[[ EXCERPTED RECORDS open ]]

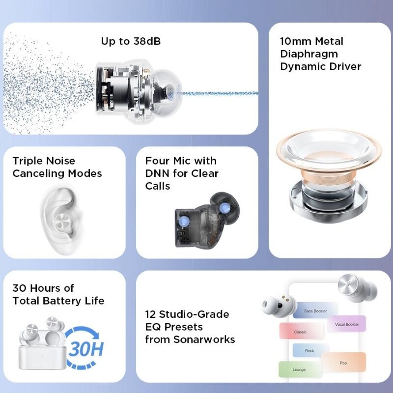 Up to 38dB Hybrid Active Noise Cancellation Technology
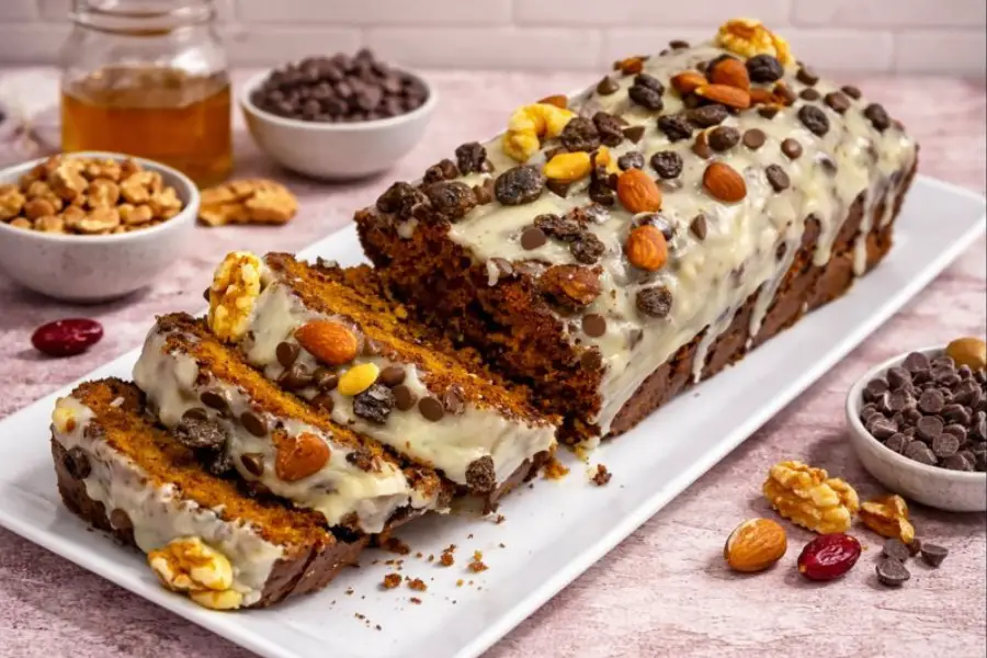 Si se desea, decorar por encima con más frutos secos y chips de chocolate.
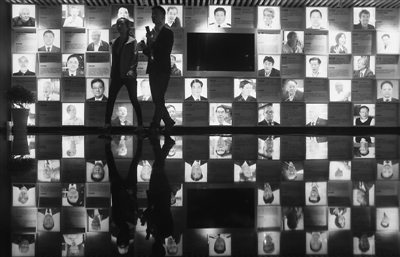 图为3月25日所摄青岛国际院士港里的院士墙。
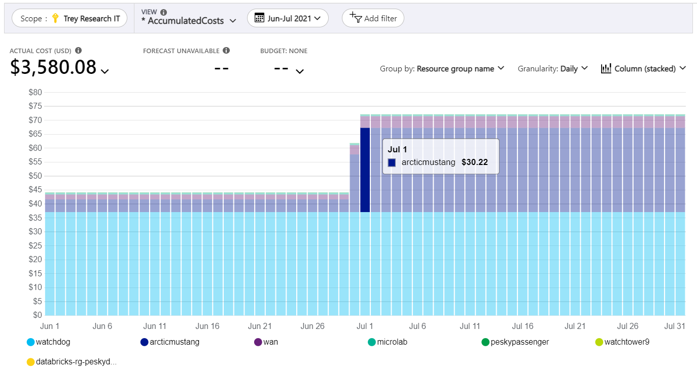 到目前为止,我们发现 articmustang 资源组在 6 月底和 7 月初增加了成本。 你可能注意到,成本有两天持续增加。 这种变化之所以持续了两天,是因为在一天的中途发生的变化只会在第二天才能完全表现出来。
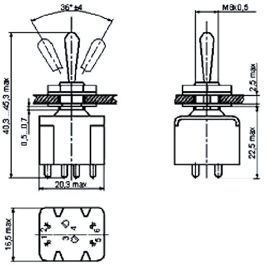 ПТ6-8В переключатель тумблерный, применяется для коммутации цепи сигнализации, питания и управления с напряжением 1х10-4В - 250В, силой тока 1х10-6А - 16А и коммутируемой мощностью до 1900Вт. Тумблеры выполняются с рычажным приводом, позволяющим укреплять резиновый защитный протектор и так и без него. В зависимости от фиксации рычага тумблеры выпускаются с фиксацией в трех положениях, в одном крайнем и среднем положениях и только в среднем положении. Монтаж проводов проводится пайкой.
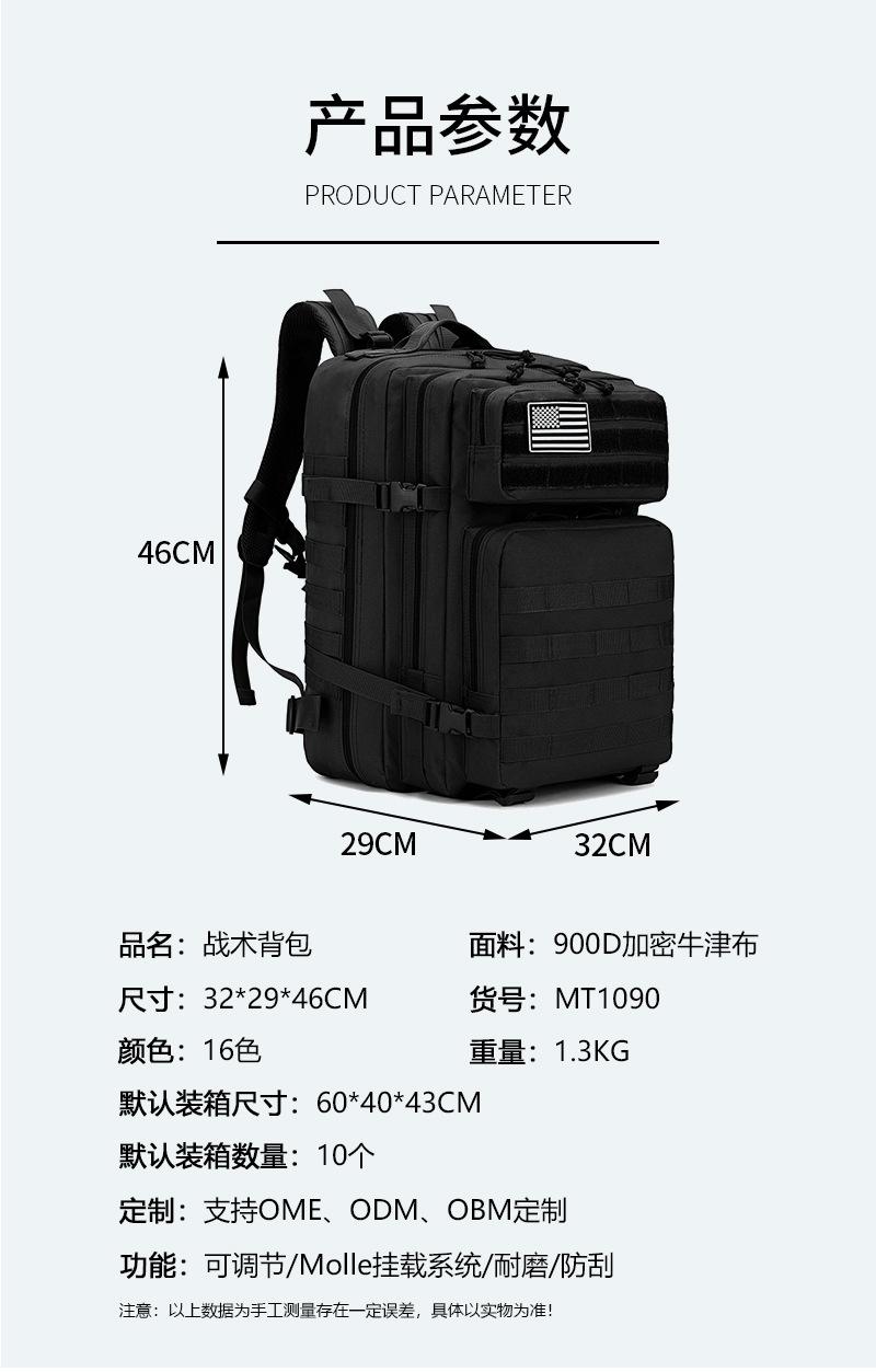 Mochila tática mt1090, processamento personalizado, comércio exterior, venda quente, grande capacidade, 3p, bolsa esportiva, oem, montanhismo, caminhada
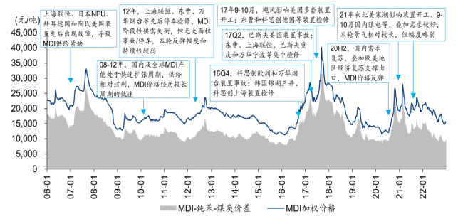 MDI价格主要受到供需错配的影响。17,18年,MDI供给端装置检修和爆炸事故导致供给短缺,而需求端旺盛,导致价格一度突破4万元/吨。影响MDI价格的核心变量包括:供给端装置的开工率,检修周期,是否有事故。而需求端MDI全球的需求是趋于稳定的,季节性每年金九银十是需求旺季,价格上涨概率大。
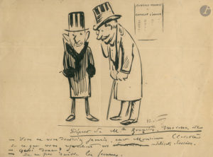 par Henry Somm, dessin à la plume avec légende, au moment du départ de Marthe Brandès (1902).
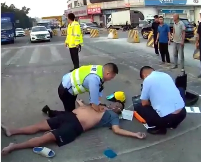 生死關頭,倪曉明一刻也不敢延誤,立即對男子采取心肺複蘇。就在同時,江門市公安局交警支隊蓬江大隊七中隊指導員方建鑫攜帶科曼除顫器(AED)趕到現場,迅速取出AED設備,電擊、心肺複蘇輪番上陣,兩人聯手展開一場與時間賽跑的生死救援。
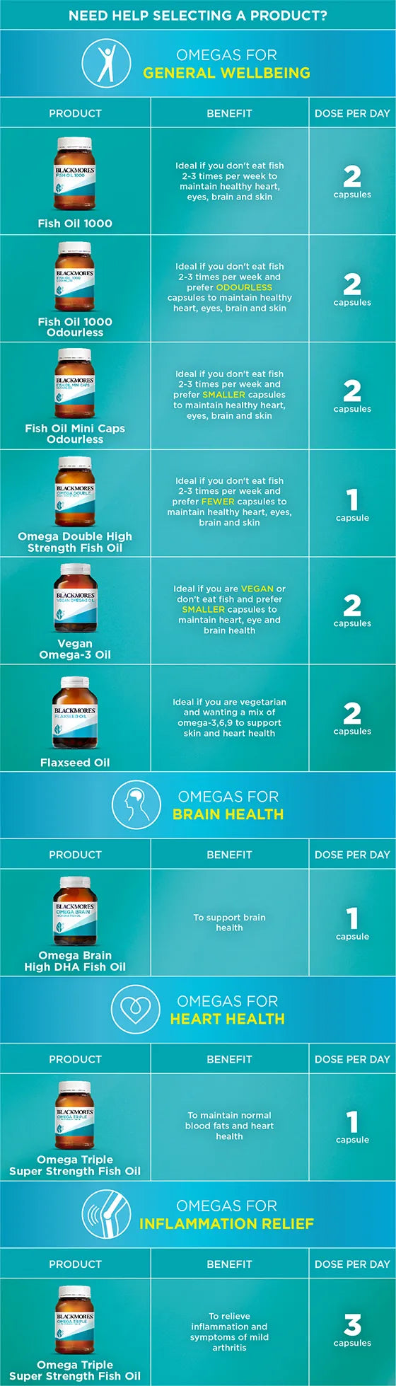 *Blackmores standard fish oil capsule contains 180 mg EPA and 120 mg DHA
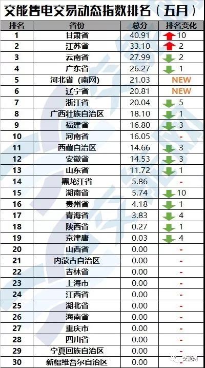 近幾個(gè)月來(lái),不斷有新的地區(qū)開啟了今年的電力市場(chǎng)化交易,高企的交易量通常能夠讓新入場(chǎng)的省份躋身前幾名。根據(jù)交能網(wǎng)對(duì)4月份全國(guó)市場(chǎng)化電量交易的評(píng)估,甘肅省以40.91分的高分成為當(dāng)月交易相對(duì)最活躍的省份。具體的排名如下:
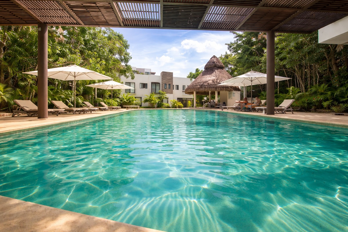 Discover the charm of the Caribbean and turn your trip to Playa into an unforgettable memory in a cozy apartment with views of the jungle, surrounded by lush trees. Perfect for families, we offer green areas, bike paths, swimming pools, barbecues, jacuzzis, kayaks, and beautiful water channels that surround the residences. Enjoy a business center, clubhouse, gym, and a rooftop, with security and surveillance 24/7. Just 5 minutes from the beach, in the exclusive area of Mayakoba.
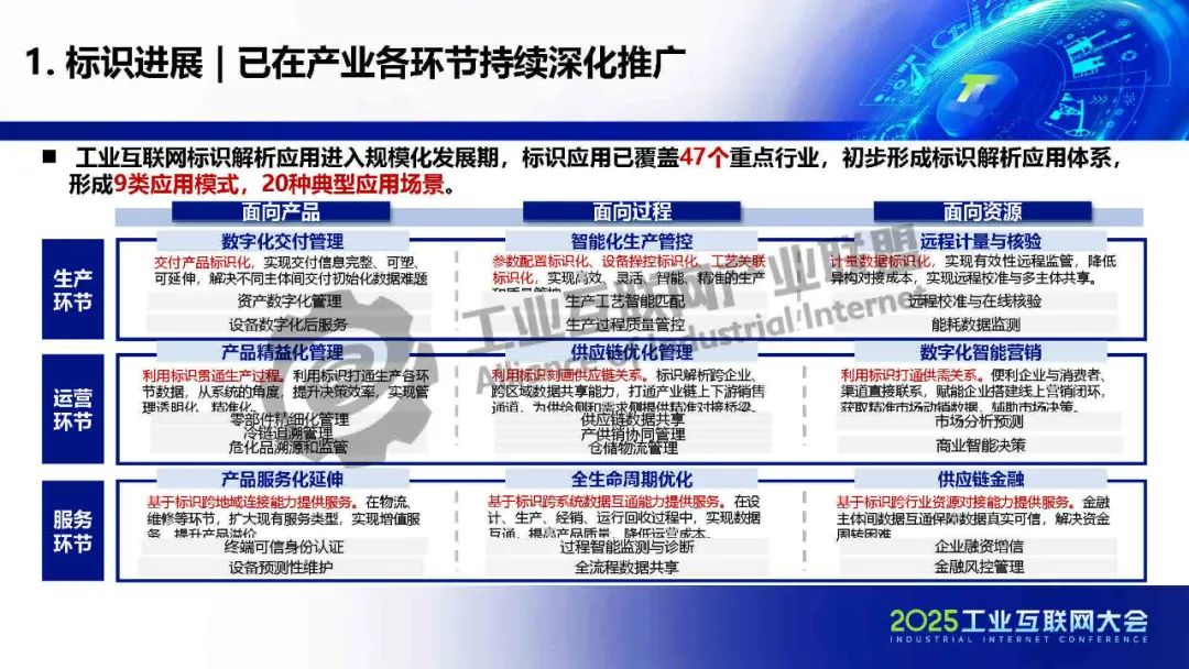 劉巍介紹,標(biāo)識(shí)解析體系已具規(guī)模,標(biāo)識(shí)工作向“由建到用”發(fā)展,應(yīng)用場(chǎng)景逐步落地,覆蓋政務(wù)管理、行業(yè)、公共服務(wù)等,標(biāo)識(shí)節(jié)點(diǎn)數(shù)據(jù)貫通、運(yùn)營(yíng)管理、應(yīng)用支撐能力逐步增強(qiáng)。工業(yè)互聯(lián)網(wǎng)標(biāo)識(shí)解析應(yīng)用進(jìn)入規(guī)模化發(fā)展期,標(biāo)識(shí)應(yīng)用已覆蓋47個(gè)重點(diǎn)行業(yè),初步形成標(biāo)識(shí)解析應(yīng)用體系,形成9類(lèi)應(yīng)用模式,20種典型應(yīng)用場(chǎng)景。
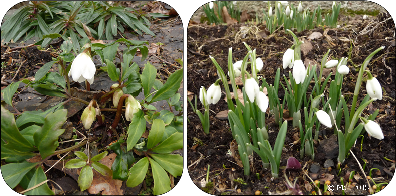 Blommande julros är väl inget vårtecken, men det är snödropparna. Dom har kanske stått i knopp redan ett tag, men inte förrän igår noterade jag de väna, snövita dropparna.

[[ EXCERPTED RECORDS closed ]]

The line holding "Mochila tática mt1090, processamento" starts the copy and the line holding "生死關頭,倪曉明一刻也不敢延" ends it. Repeat those two lines above and all between them exactly, leaving out pictures.

*RESPONSE*:
 Mochila tática mt1090, processamento personalizado, comércio exterior, venda quente, grande capacidade, 3p, bolsa esportiva, oem, montanhismo, caminhada
 MDI价格主要受到供需错配的影响。17,18年,MDI供给端装置检修和爆炸事故导致供给短缺,而需求端旺盛,导致价格一度突破4万元/吨。影响MDI价格的核心变量包括:供给端装置的开工率,检修周期,是否有事故。而需求端MDI全球的需求是趋于稳定的,季节性每年金九银十是需求旺季,价格上涨概率大。
 par Henry Somm, dessin à la plume avec légende, au moment du départ de Marthe Brandès (1902).
 生死關頭,倪曉明一刻也不敢延誤,立即對男子采取心肺複蘇。就在同時,江門市公安局交警支隊蓬江大隊七中隊指導員方建鑫攜帶科曼除顫器(AED)趕到現場,迅速取出AED設備,電擊、心肺複蘇輪番上陣,兩人聯手展開一場與時間賽跑的生死救援。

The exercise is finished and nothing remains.